LAWS(PVC)-1912-8-70

THATHARA NANNABHA CHETTY Vs. KUPPAL KRISHNAMMAL

Decided On August 20, 1912
THATHARA NANNABHA CHETTY Appellant
V/S
KUPPAL KRISHNAMMAL Respondents

JUDGEMENT

(1.) THE first point taken in this appeal, is that the appellant is entitled to treat the decree in appeal as substituting a corresponding date for the actual date in the original decree and reliance is placed on the decision of the Privy Council in Bhup Indar Bahadur Singh v. Bijai Bahadur Singh 23 A. 152 : 2 Bom. L.R. 978 : 10 M.L.J. 290 : 5 C.W.N. 52 : 27 I.A. 209. That case does not, however, lay down such a principle. It decides that, where the words "date of the decree" are used in the original decree, those words, after the decree is affirmed, mean the date of the appellate decree. THE case of Ramasawmy Kone v. Sundara Kone 31 M. 28 : 17 M.L.J. 495 : 3 M.L.T. 26 is a clear authority against the appellant and we cannot accept the distinction sought to be made, no trace of this being found in the judgment.
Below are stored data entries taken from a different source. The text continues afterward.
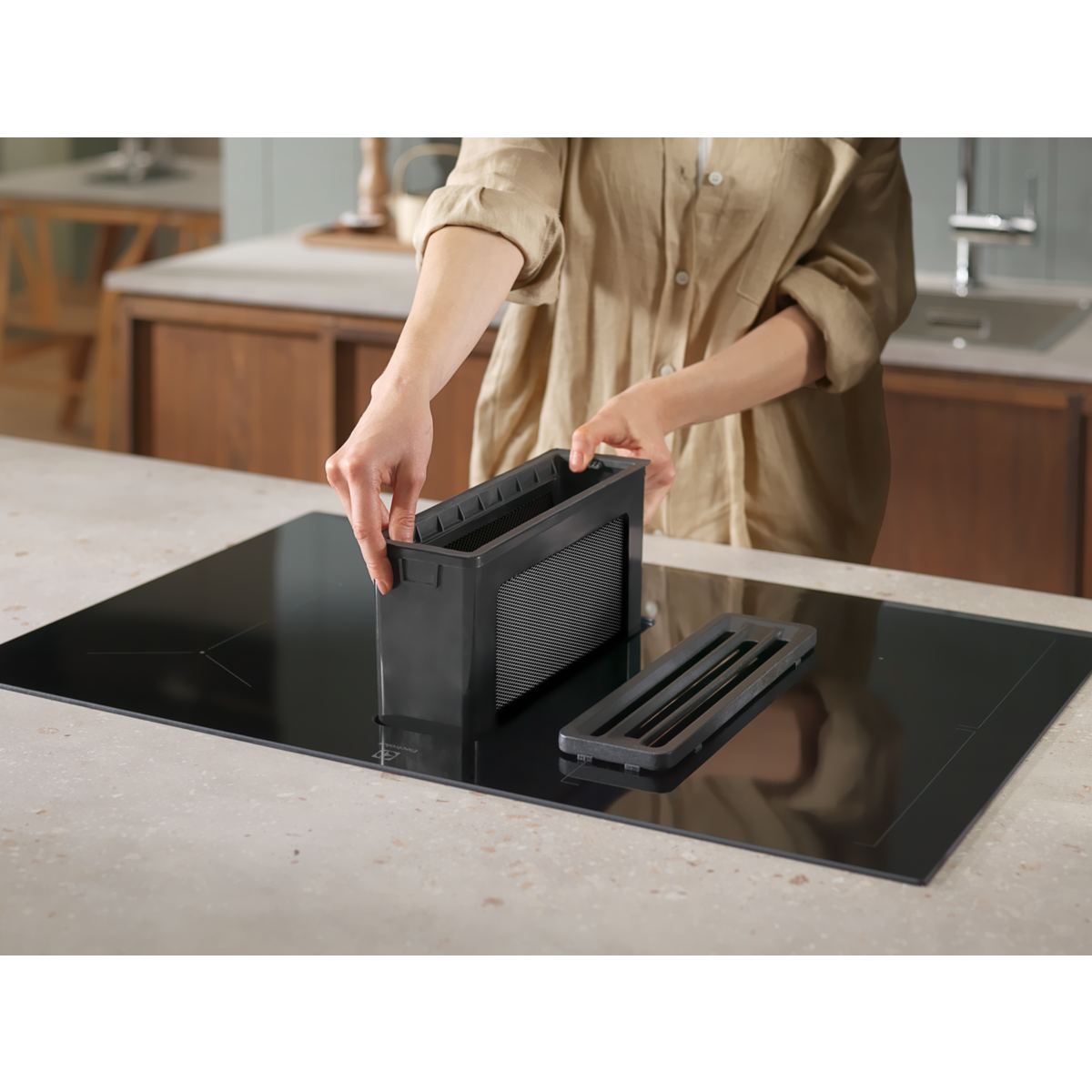 Un piano di cottura a estrazione, noto anche come piano a induzione con aspirazione integrata, combina la funzionalità di un piano di cottura con un aspiratore incorporato. Questo sistema elimina la necessità di una cappa separata, aspirando vapore, fumo e odori di cottura direttamente dal piano cottura. L'aspiratore è solitamente posizionato al centro del piano di cottura e rimuove efficacemente i vapori e le particelle di grasso dalle pentole e dalle padelle durante la cottura.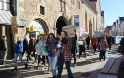 Nach einer kurzen Kundgebung laufen die Demonstranten einmal die Wilhelmstraße runter, und die Metzgerstraße wieder rauf. Auch im Stadtverkehr passt die Szenerie zum Protest: Der Stadtbus ist halb leer, dafür sitzt in den zahlreichen fetten SUV-Automobilen meistens nur ein Mensch. (GEA)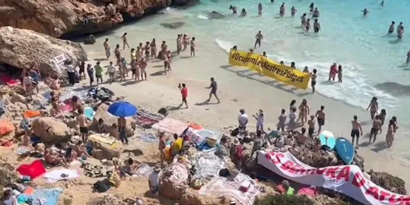Η καθιστική διαμαρτυρία στην παραλία Ocupem Les Nostres Platges -που μεταφράζεται ως «Καταλάβετε τις παραλίες μας»- ήταν η τελευταία σε μια σειρά διαδηλώσεων από ντόπιους κατά του μαζικού τουρισμού στη Μαγιόρκα. Κατηγορούν τους αλλοδαπούς για την αύξηση των τιμών των ακινήτων κατά 250% σε μια δεκαετία, ενώ οι στάσιμοι μισθοί παραμένουν από τους χαμηλότερους στην Ισπανία, σημειώνει η Daily Mail.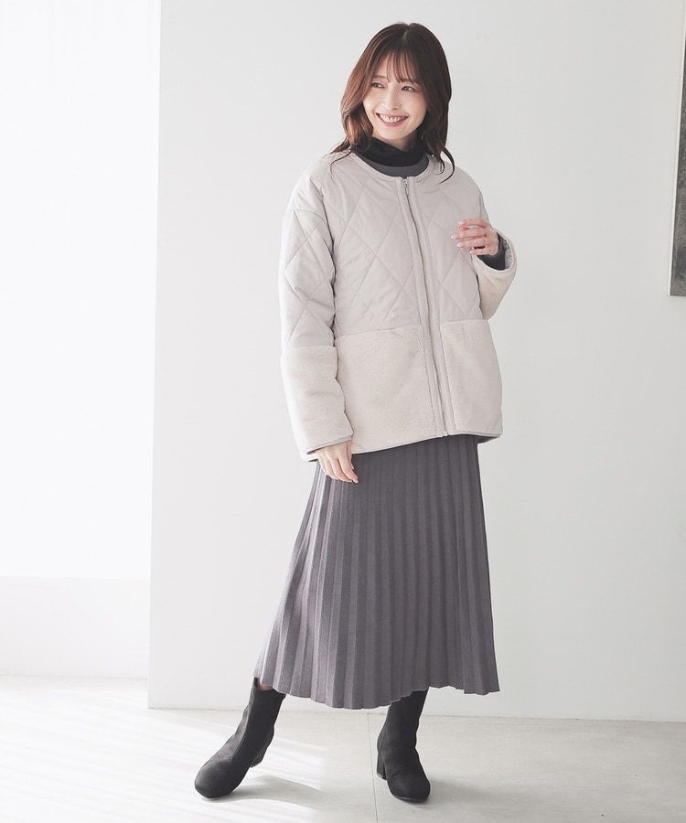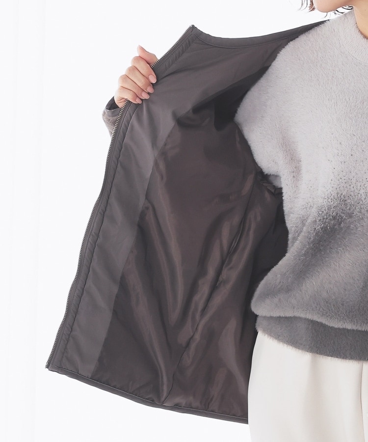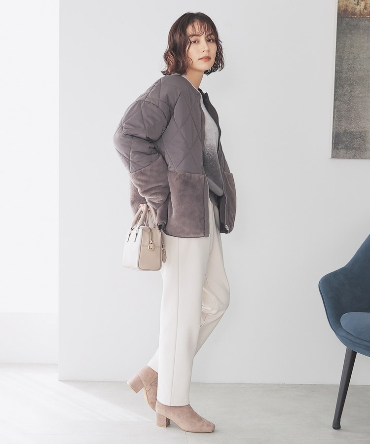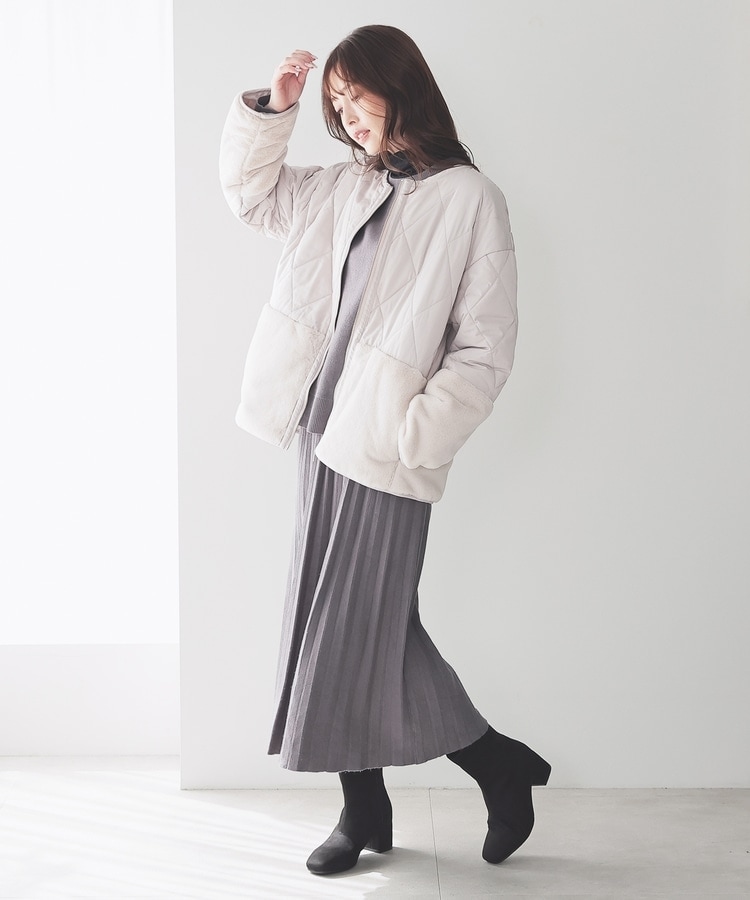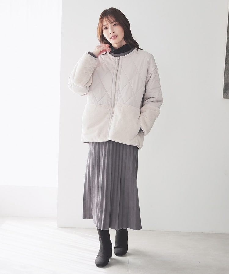 袖口と裾を肌触りの良いフェイクファーで切り替えた、存在感がありながら上品なデザイン。

To do what we are asked to do would be to alter the decree. It is then suggested that Article 181 of the Limitation Act (IX of 1908), does not apply and reliance is placed on Madhab Moni Dasi v. Pamela Lambart 37 C. 796 : 12 C.L.J. 328 : 6 Ind. Cas. 537. With all respect to the learned Judges, we are unable to see why this limitation should be placed on the plain language of the Article. It is obviously an application under the Civil Procedure Code for it is made under Order XXXIV, Rule 5, which expressly requires an application. We hold that Article 181 applies and that the petition was rightly dismissed.

(2.) THIS appeal is, therefore, dismissed with costs.